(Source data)
--------------------------------

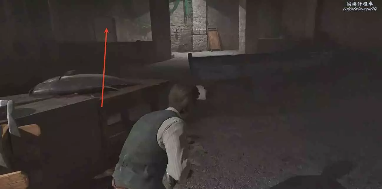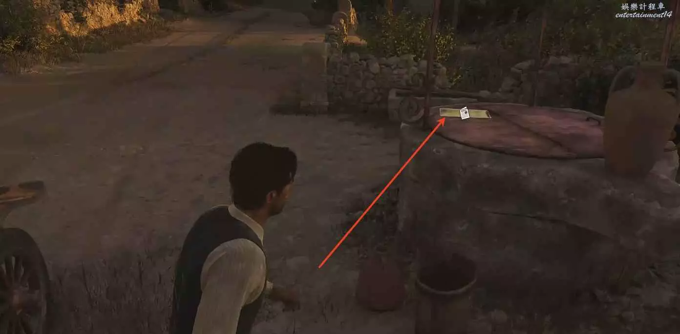 進入地圖這裡有恩佐的車輛,報紙就在水井的蓋子上。
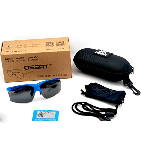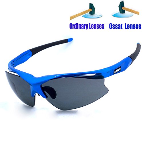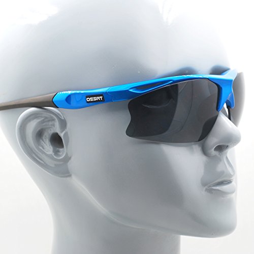 Ossat Pc Polarized Sports Sunglasses for Baseball Cycling Fishing Golf TR90 Superlight Frame (Blue)
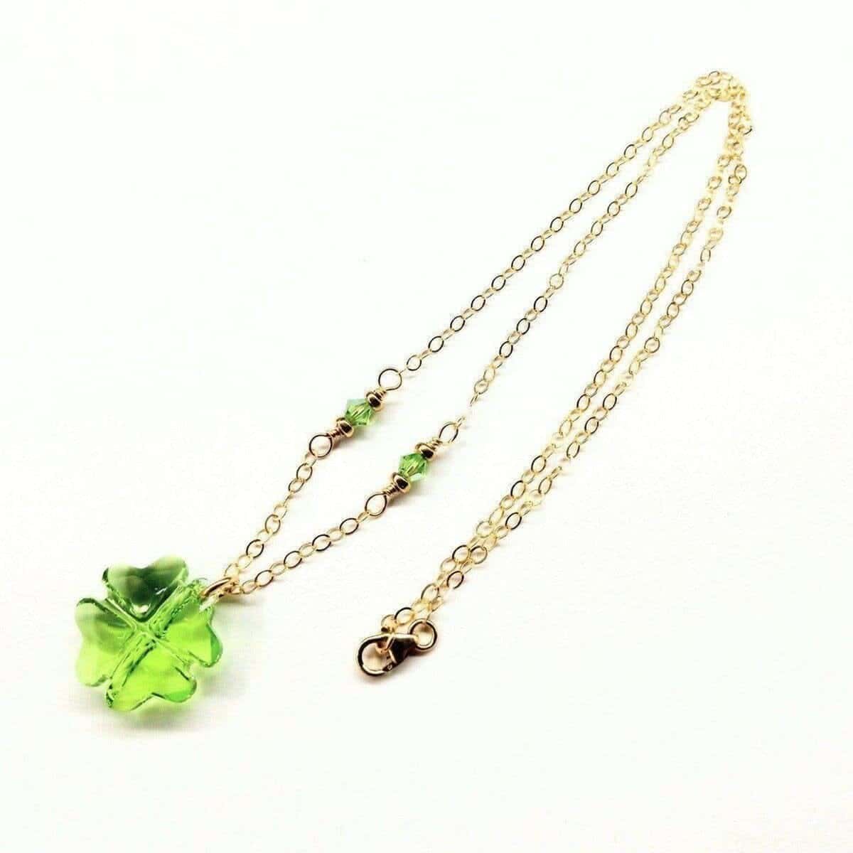 14 K Gold Filled Light Green Crystal Clover Necklace
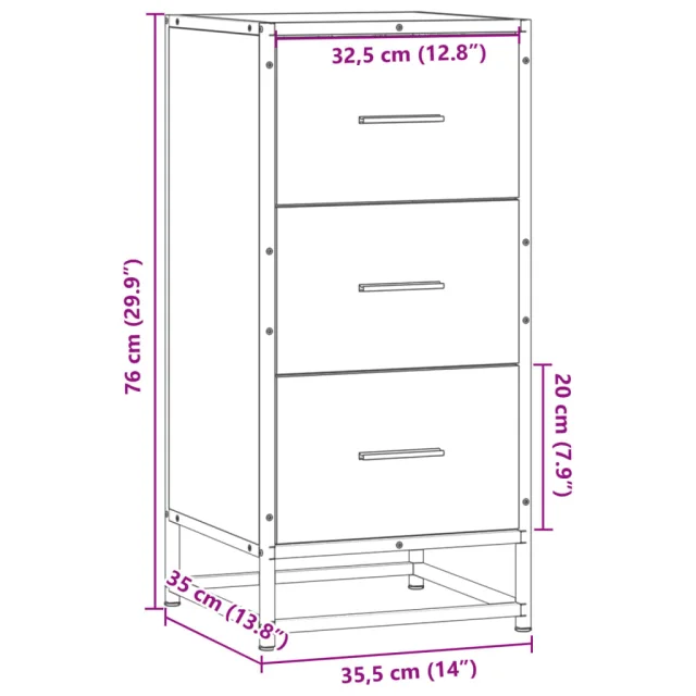 Komoda - Predalnik siva sonoma 35,5x35x76 cm inženirski les in kovina
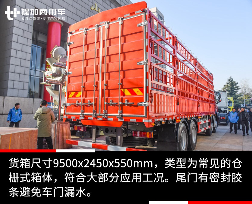 货箱尺寸9500x2450x550mm,类型为常见的仓栅式箱体,符合大部分应用工况。尾门有密封胶条避免车门漏水。
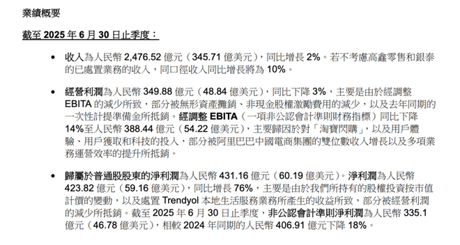 8 月 29 日,阿里巴巴对外公布 2025 年第二季度财报。当季阿里巴巴营收 2476.52 亿元,同比增长 2%。剔除出售高鑫零售及银泰业务影响,当季阿里巴巴同口径收入同比增长 10%。

--------------------------------

**GOAL OF THE EXERCISE**:
Copy exactly the lines from the line that contains "Ossat Pc Polarized" through the last line of the records above, both ends included, but leave out the pictures.

**SOLUTION FOR THIS PROBLEM**:
 Ossat Pc Polarized Sports Sunglasses for Baseball Cycling Fishing Golf TR90 Superlight Frame (Blue)
 14 K Gold Filled Light Green Crystal Clover Necklace
 Komoda - Predalnik siva sonoma 35,5x35x76 cm inženirski les in kovina
 货箱尺寸9500x2450x550mm,类型为常见的仓栅式箱体,符合大部分应用工况。尾门有密封胶条避免车门漏水。
 8 月 29 日,阿里巴巴对外公布 2025 年第二季度财报。当季阿里巴巴营收 2476.52 亿元,同比增长 2%。剔除出售高鑫零售及银泰业务影响,当季阿里巴巴同口径收入同比增长 10%。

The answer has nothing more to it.